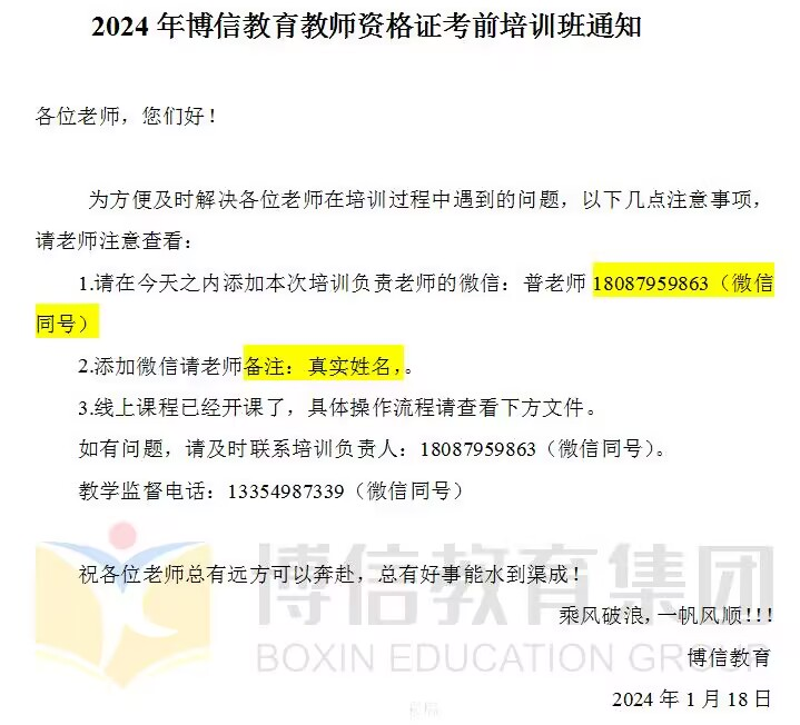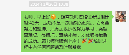 在整个培训过程中,参训老师收获满满,能利用线上学习的灵活方式和空余时间学习备考,重要时间节点有博信教育负责老师微信提醒,经过一个月的学习,对教师资格证考试内容有了很多掌握,很感谢本次提供了这样既方便,又务实的考前培训机会。
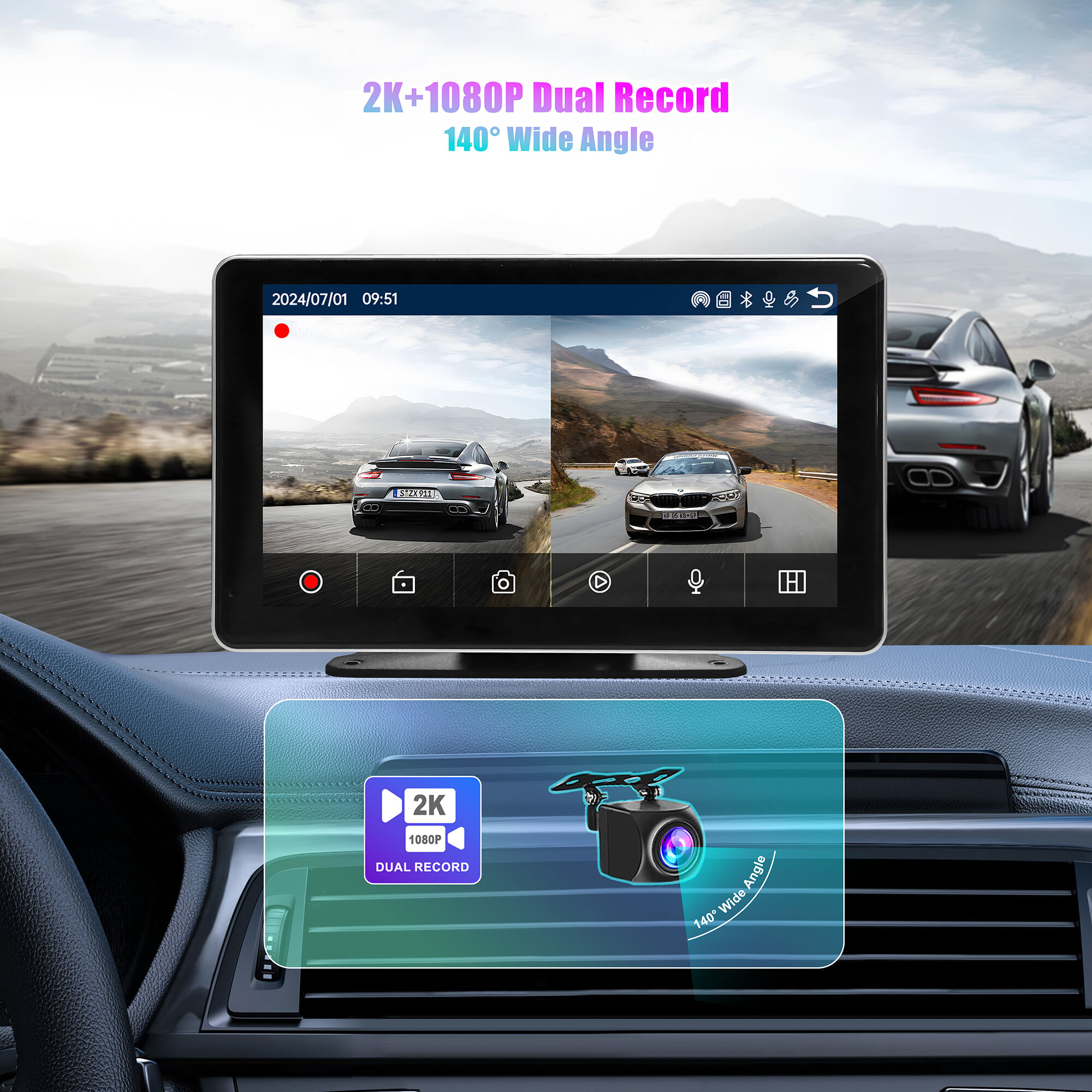 | ■ 2K+1080P Camera | ■ 2.4G/5G WIFI | ■ Carplay+Android Auto | ||
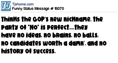 X  thinks the GOP's new nickname, the party of "No" is perfect....they have no ideas, no brains, no balls, no candidates worth a damn', and no history of success.

# # # # #

- Problem description -
Please retype, exactly as they appear, the lines from the one with "Carplay+Android Auto | ||" through the final line of the material, both included, and drop any pictures.

- Task output -
 | ■ 2K+1080P Camera | ■ 2.4G/5G WIFI | ■ Carplay+Android Auto | ||
 X  thinks the GOP's new nickname, the party of "No" is perfect....they have no ideas, no brains, no balls, no candidates worth a damn', and no history of success.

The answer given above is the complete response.